The Shu Uemura Eyelash Curler
is the best ever. The problem is that they used to sell it at Sephora but now you can only order from some foreign company online. I fancy myself a patriot and that feels like some kind of Anti-American conspiracy to me.
Almay Eye Makeup Remover Pads
This is the only eye make up remover that ever seems to really do the job. I've used it forever. It's at CVS, so there's a good chance you have a coupon for it.
Sister-Recommended Foundation from Maybelline
This is a photo of the text my sister sent me last week. I cannot vouche for this stuff yet, but Sister generally doesn't lie unless you count the time that I asked her if I could wear her new never-been-worn top out on a date in high school and she said, in a tone that I clearly did not pick up on, "FINE." Come to find out, fine did not really mean fine. Not.at.all. Oops.
Younique Moodstruck 3D Fiber Lashes
I want to tell you how much I love this mascara because a bunch of high school buddies who I love are selling it and it is supposed to be AMAZING. This is the problem. I ordered it and I got the package and put it on the dining room table with piles of mail and school forms and the like. Then someone was coming to my house ANY MINUTE, so I shoved all of that junk in a drawer or a closet somewhere right quick to clean up. And I have yet to find this amazing product because for some reason it is not in the usual place that I shove things when I'm trying to pretend my house is not a wreck. I'll find it soon and I know that I'll love it because like Sister and Jennifer Garner, these girls are true blue, non-lying friends.
(Pipe down, Clarence. Of course, I know that I shouldn't worry about what people think about the condition of my house and that I should just welcome everyone in with the love and hospitality of Jesus.)

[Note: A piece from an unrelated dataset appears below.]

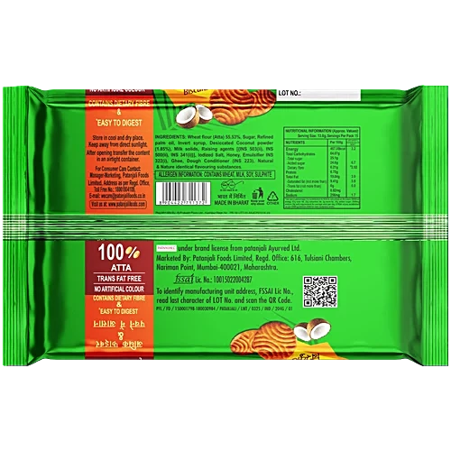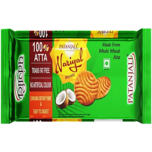 Indulge in the tropical delight of Patanjali Nariyal Atta Biscuit, made with the goodness of coconut flour. These biscuits offer a delightful crunch and a hint of coconut flavour, providing a sweet treat with a subtle coconut essence. Enjoy the wholesome benefits of natural ingredients in every bite, making them a perfect companion for your tea-time or anytime snacking. With a crisp texture and a satisfying coconut flavour, these biscuits are ideal for those who enjoy a light, crunchy and flavourful snack.

The Rusk Super Freak Hair dryer
Well, now, y'all. I'm pretty sure that this hair dryer and I are destined to be together. In Texas, we have a saying: The bigger the hair, the closer to God. My friend, Jenni R., who hails from the great big-haired state of Mississippi says that this hair dryer has changed her life. I'm inclined to believe her and I'm pretty sure this will be my next purchase.

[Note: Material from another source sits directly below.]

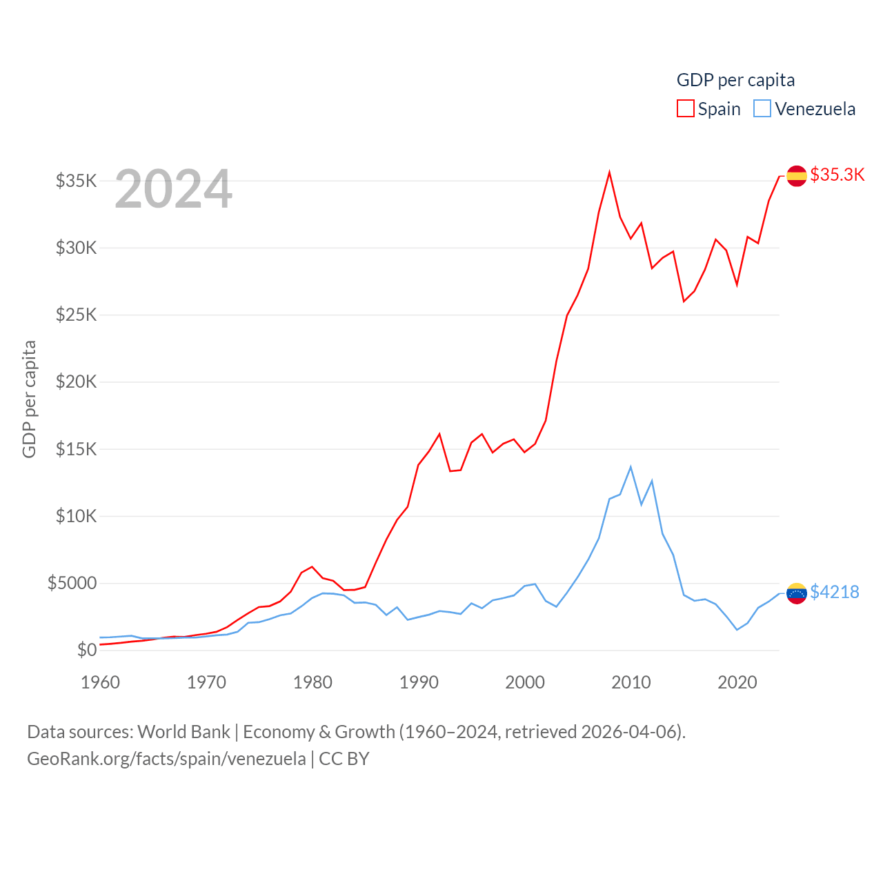 By GDP, Spain ranks 15/197 ($1.73T) and Venezuela ranks 65/197 ($120B). By GDP per capita, Spain ranks 32/197 ($35,327), while Venezuela ranks 128/197 ($4,218).

Last thing: Have you heard of Birchbox? I can't remember where I read about it, but you sign up for a monthly subscription and they send you samples of different products and then you send them back or use them or something like that. I don't remember because I'm old and I didn't read all the details because I'm tired. But there's the link up there, so knock yourself out.

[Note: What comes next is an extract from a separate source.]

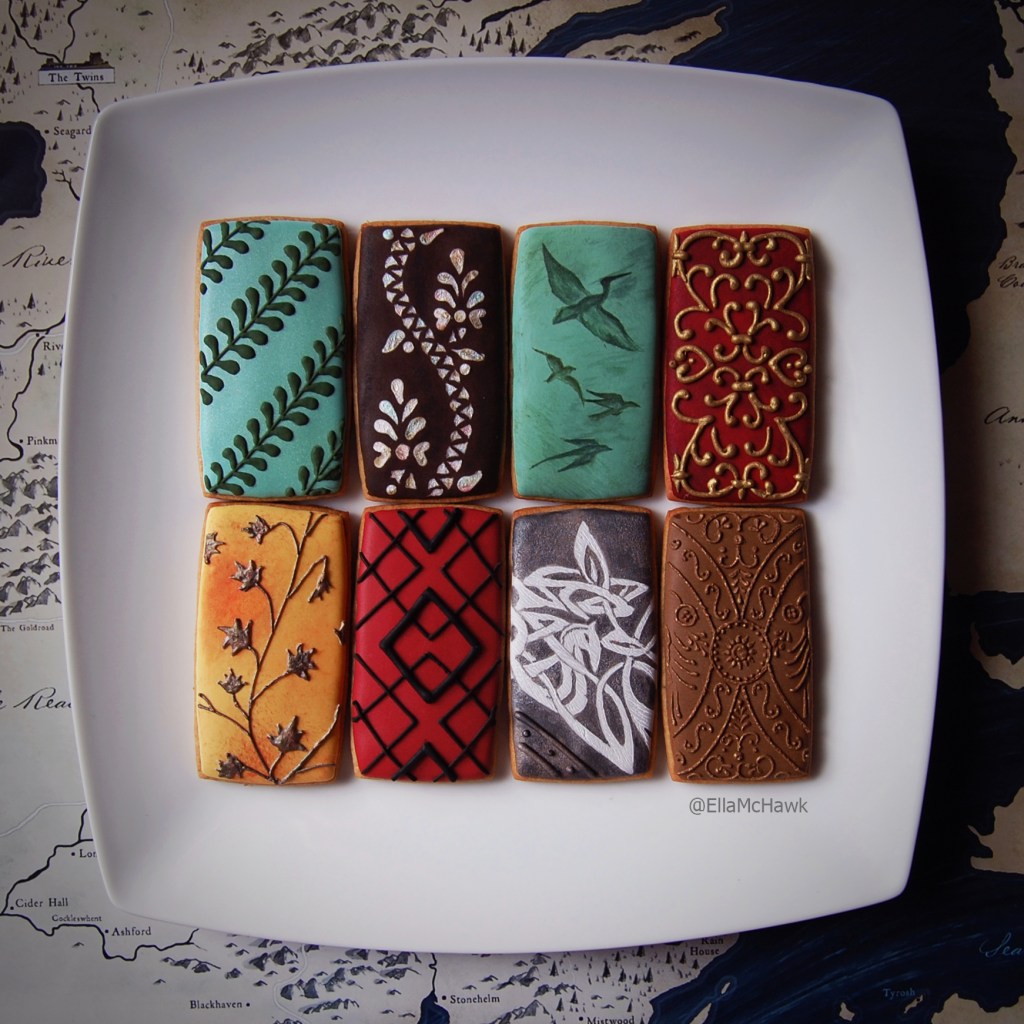 Decoration: Royal icing base. Designs piped in royal icing, etched into the icing surface, and/or painted by hand with gel food colourings, edible lustres, and vodka.

So that's what I've got today. And you can't get those moments that you spent reading this back. It's not my fault. So what you need to do now is go to the comments and tell me all about your favorite caffeine/retinol infused anti-aging wrinkle reducer serums and any other products you like. Clarence is going to zip it for awhile and let us be all shallow and girly for a bit. It'll be fun. 1,2,3. Go.